Se quitó la mochila y la apoyó en el suelo. Le dió pena, ya que estaba de estreno. La ruta se veía solitaria, nadie a kilómetros alrededor pero eso no la intimidó. Ni siquiera la cruz de madera clavada a metros de aquella parada la acobardó.

Había visto varias de esas recorriendo el camino. Tenía la costumbre de leer sus nombres e imaginarse el aspecto que tenían cuando la tragedia les llegó. Con el tiempo la curiosidad le abandonó y comenzó a ignorarlas. Formaban parte del paisaje, como las cunetas y las señales.

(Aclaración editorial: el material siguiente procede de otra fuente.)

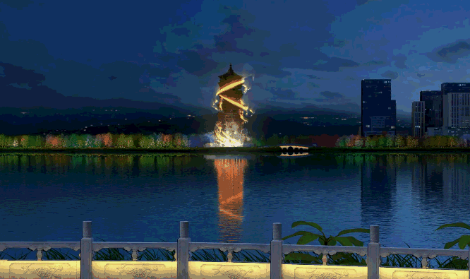 以3D投影的方式,展现华阳塔夜晚别具特色的风情。画面采撷龙舟、粤曲等本地文化元素,融入传统的中国龙翻腾,舞动的形象,结合建筑结构的构成演绎,以绚丽多彩的色彩与光影,将夜色下的华阳塔渲染得如诗如梦,亦真亦幻。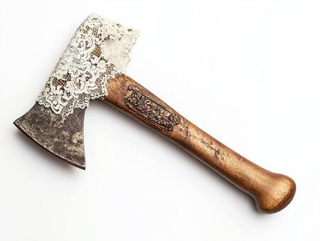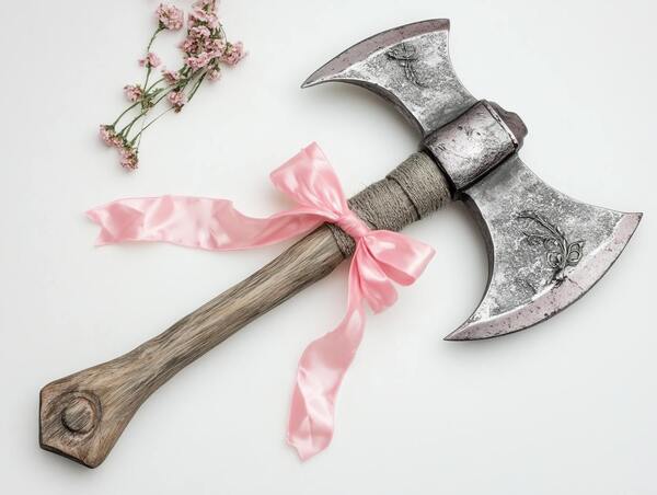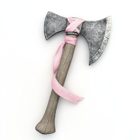 Ресурс — https://www.midjourney.com/ Promts: - axe with pink bows on a white background - axe with lace on a white background - an axe with ruffles on a white background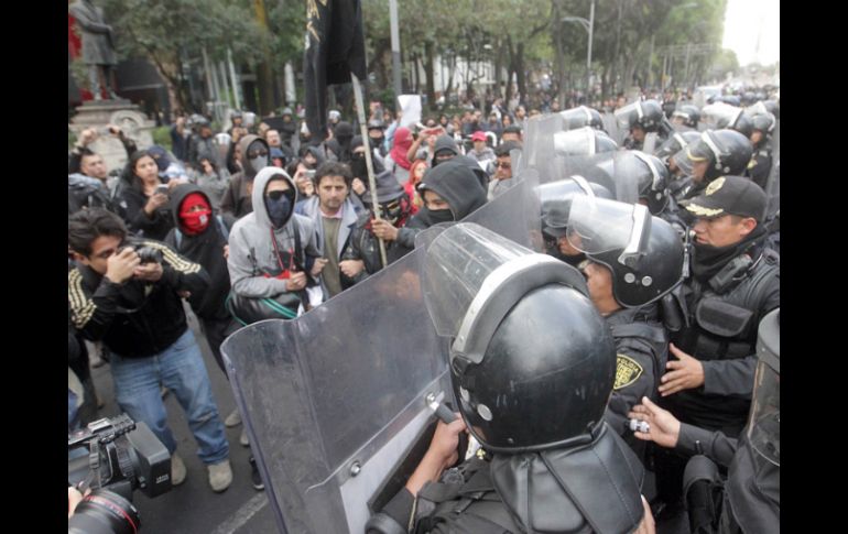 México | Hasta el momento no se registra ningún enfrentamiento Marchan al Zócalo por detenido del 2 de octubre Hasta el momento no se registra ningún enfrentamiento Por: SUN 8 de enero de 2014 - 17:31 hs Más de 200 policías de la SSPDF cercan a los manifestantes antes de que arriben a la Plaza de la Constitución. SUN / CIUDAD DE MÉXICO (08/ENE/2014).- Al menos treinta personas se encuentran en las inmediaciones del Ángel de la Independencia para exigir la liberación de Mario González, quien fue detenido el pasado 2 de octubre por presuntos ataques a la paz pública, luego de desmanes en el Centro Histórico. Los manifestantes, alguno de ellos encapuchados, se encuentran sobre la banqueta sin bloquear la circulación vial del Paseo de la Reforma. Pretenden llegar al Zócalo capitalino a pesar del resguardo que ahí mantienen elementos de la policía capitalina. Sobre la lateral de reforma se encuentran unos 100 uniformados del agrupamiento Fuerza de Tarea de la SSPDF quienes resguardarán la caminata hacia el centro de la ciudad. Por su parte, la Secretaría de Seguridad Pública del Distrito Federal ( SSPDF) asegura que son alrededor de 30 personas las que se concentran en el Ángel. Detalló que el grupo de manifestantes está integrado por familiares y amigos de Mario González, y aclaró que en el contingente hay dos o tres encapuchados, pero no se ha confirmado que sean integrantes del denominado grupo de anarquistas. La SSPDF, a través de su cuenta de Twitter @OrientadorVial, pide a los capitalinos tomar precauciones. "Tome precauciones, se prevé #marcha en Paseo de la Reforma del Ángel de la Independencia al Zócalo", escribió. Policías de la SSPDF cercan a manifestantes Más de 200 policías de la SSPDF cercaron en la avenida Juárez, en la zona centro de la ciudad de México, a los jóvenes autodenominados anarquistas que la tarde de este miércoles pretendían arribar al Zócalo capitalino. Hasta la tarde de este miércoles no se había registrado ningún enfrentamiento y la circulación de la avenida Balderas avanza con normalidad, así como el paso de los autobuses de la Línea 3 del Metrobús. Temas Estados Ciudad de México Manifestaciones en la Cd. de México Detenidos en México Lee También Protesta de trabajadores del SAT podría traer estas consecuencias para los contribuyentes Astros de Jalisco mantiene su constancia, aunque el título del la LNBP sigue pendiente Vive Latino 2026: Artistas, precios oficiales y fechas de preventa ¿Dónde ver EN VIVO el partido amistoso México vs Ecuador? Recibe las últimas noticias en tu e-mail Todo lo que necesitas saber para comenzar tu día Registrarse implica aceptar los Términos y Condiciones

Luego de descansar un momento se levantó, tomó la mochila y el viaje continuó.
Su marcha era constante. Pero a medida que ganaba terreno, el cansancio crecía con esmero.

El paso comenzó a ralentizar. Respiraba con dificultad y su espalda se encorvaba de una manera inusual. Como si en la mochila cargara piedras y no la dejaban dar un paso más.

Le pareció extraña esa sensación, ya que siempre hacía Trekking y estaba acostumbrada a caminar grandes distancias, con el mismo peso sobre su espalda.

Cada paso que hacía, más agobio sentía. Las piernas le temblaron al punto de doblar sus rodillas. Tenía un nudo en el estómago y la maldita mochila no dejaba de pesar. Pero continuó su marcha, se había propuesto llegar aunque sea a rastras.

Concluyó que la culpa de todo la tenía la mochila. Desesperada trató quitársela, pero parecía haberse pegado a su espalda. No había manera de liberarse del bolso aunque lo intentara.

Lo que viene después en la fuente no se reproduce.